J-107088 and Other Anticancer Drugs.
J-107088 (Fig. 1) , 6-N-(1-hydroxymethyl-2-hydroxy)ethylamino-12,13-dihydro-2,10-dihydroxy-13-(ß-D-glucopyranosyl)-5H-indolo[2,3-a]-pyrrolo[3,4-c]carbazole-5,7(6H)-dione and NB-506 were synthesized in our institute by the method reported previously (4) . Etoposide, Adriamycin and camptothecin were purchased from Sigma Chemical Co. [Methyl-[³H]]thymidine and [-³²P]dCTP were purchased from Amersham-Pharmacia Biotech.

Topoisomerase-mediated DNA Cleavage and Religation.
The DNA cleavage reaction by top1 was carried out as reported previously (1) . Briefly, 50 units of top1 were incubated in reaction mixtures [0.4 µg of pBR322 plasmid DNA, 50 mM Tris-HCl (pH 7.9), 120 mM KCl, 0.5 mM DTT, 0.5 mM EDTA, and 30 µg/ml BSA in a total volume of 20 µl] with top1 poisons at 30°C for 15 min. For measurement of the religation rate of DNA at high salt concentration, NaCl was added at 0.35 M after the cleavage reaction, and the reaction mixture was further incubated at 30°C for 15 min. For experiments on the dilution of top1 poisons, the reaction mixture without a top1 poison was added to the cleavage reaction to reduce the concentration of top1 poison to one-tenth of its initial concentration. Then the diluted reaction mixtures were incubated at 30°C for 15 min. After each incubation, aliquots were taken at the indicated times and mixed with stop solution (0.65% SDS). The denatured proteins were digested with 1 mg/ml proteinase K. Cleaved DNA was separated by 1% agarose gel electrophoresis in the presence of 0.5 µg/ml of ethidium bromide, and measured using a densitometer.

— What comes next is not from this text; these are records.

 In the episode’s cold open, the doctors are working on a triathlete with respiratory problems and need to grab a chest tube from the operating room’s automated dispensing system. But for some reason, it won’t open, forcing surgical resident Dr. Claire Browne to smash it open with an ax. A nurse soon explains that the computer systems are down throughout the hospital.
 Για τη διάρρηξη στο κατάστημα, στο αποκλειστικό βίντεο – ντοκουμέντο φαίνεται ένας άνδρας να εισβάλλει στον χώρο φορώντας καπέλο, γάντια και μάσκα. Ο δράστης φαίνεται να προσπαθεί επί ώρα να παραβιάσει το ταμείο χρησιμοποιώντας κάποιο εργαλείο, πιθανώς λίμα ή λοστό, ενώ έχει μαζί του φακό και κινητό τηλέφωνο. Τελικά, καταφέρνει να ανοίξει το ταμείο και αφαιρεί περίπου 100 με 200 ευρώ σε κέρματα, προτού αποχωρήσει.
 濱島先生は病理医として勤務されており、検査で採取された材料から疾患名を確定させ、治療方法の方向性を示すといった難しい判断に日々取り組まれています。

Cleavage Site Induced by top1.
A synthetic oligonucleotide containing the Tetrahymena’s top1 binding sequence (5 , 6) was inserted into the HindIII-EcoRI site of pBR322. The DNA was digested with BamHI and the 3' end of the fragment was labeled with [-³²P]dCTP and the Klenow fragment. After digestion with EcoRI, the 258-bp fragment was used as a substrate for cleavage site analysis (3) . A sample of 0.1 pmol of the 3'-end-labeled fragment was incubated with 500 units of top1 in 20 µl of reaction mixture [50 mM Tris-HCl (pH 7.9), 120 mM KCl, 0.5 mM DTT, 0.5 mM EDTA, and 30 µg/ml BSA]. After incubation for 15 min at 30°C, the reaction was stopped by the addition of 3 µl of 5% SDS and the denatured enzyme was digested with 1 mg/ml proteinase K. The cleaved fragments were analyzed by denaturing 6% PAGE.

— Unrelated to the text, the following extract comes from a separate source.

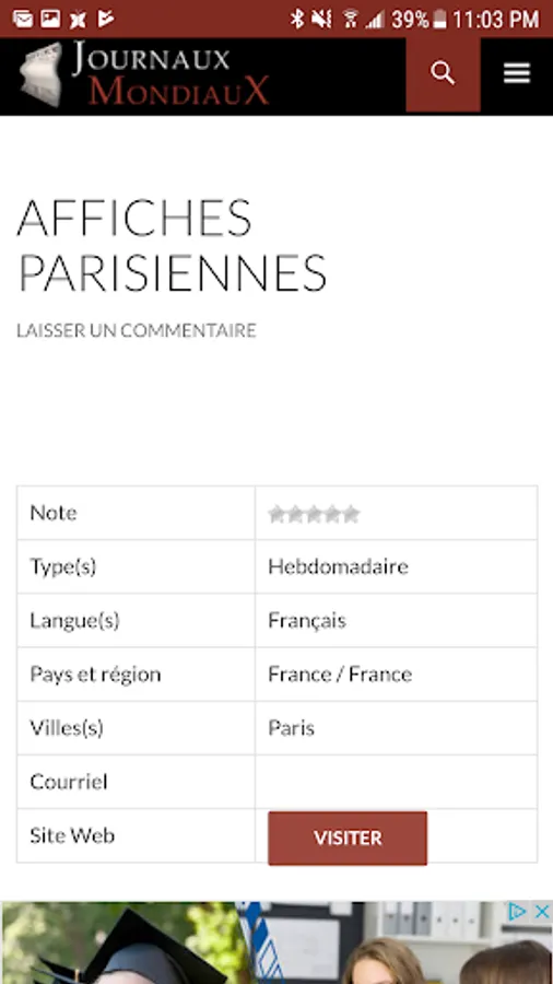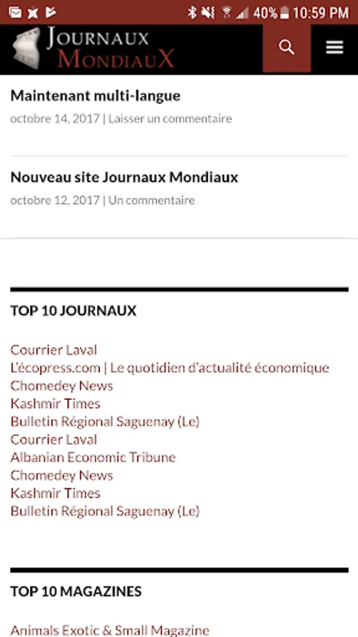 No affiliation between the application and newspapers or magazines. Newspapers Worldwide is a specialized directory aimed at well Guide you in your research. The search criteria are the countries, regions, cities, publication types, categories and languages.
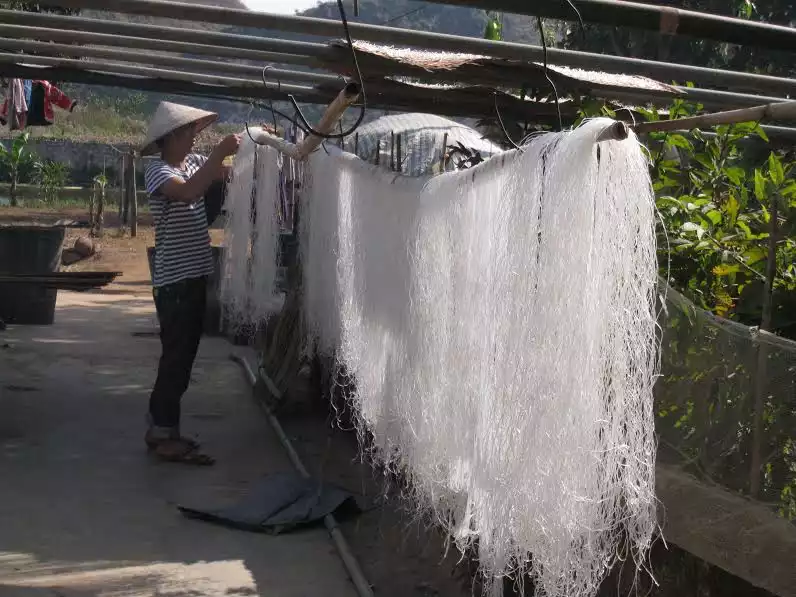 Theo kinh nghiệm của người dân làng nghề, để miến ngon, việc chọn địa điểm phơi cũng rất quan trọng. Khoảng sân hoặc vườn phải đảm bảo sạch sẽ, thoáng và là nơi hấp thụ tốt nhất ánh sáng mặt trời. Trên đó, được thiết kế cọc trụ bằng tre, bêtông có chiều cao từ 60cm trở lên để tránh bụi, độ ẩm của đất. Các trụ này được kết nối bởi những sợi dây chắc (thép, dây chuyên dụng…) có độ bền để làm giá đỡ cho những phên miến. Khi miến đạt độ se nhất định sẽ được chuyển sang dây phơi cao hơn (từ 1,5m trở lên) cho đến khi khô thì được gấp, buộc thành từng bó miến thành phẩm.

Cleavable Complex Formation in Cultured Cells.
Aliquots of 2.5 x 10⁴ HCT116 human colon cancer cells were prelabeled by incubation with DMEM-10% fetal bovine serum containing [³H]thymidine [1 mCi/mmol; 0.5 µCi/ml] at 37°C and 5% CO₂ for 18 h in a total volume of 0.1 ml. The cells were washed with fresh medium and then incubated with top1 inhibitors for the indicated times. For analysis of the amount of cleavable complex after the removal of top1 poisons, cells that had been incubated with the drugs for 60 min were washed once with fresh medium and cultured further in drug-free medium for 5, 15, 30, 60, and 120 min. After incubation, the cells were lysed with 1.5% SDS-5 mM EDTA solution and subjected to K⁺/SDS precipitation assay as described previously (7) .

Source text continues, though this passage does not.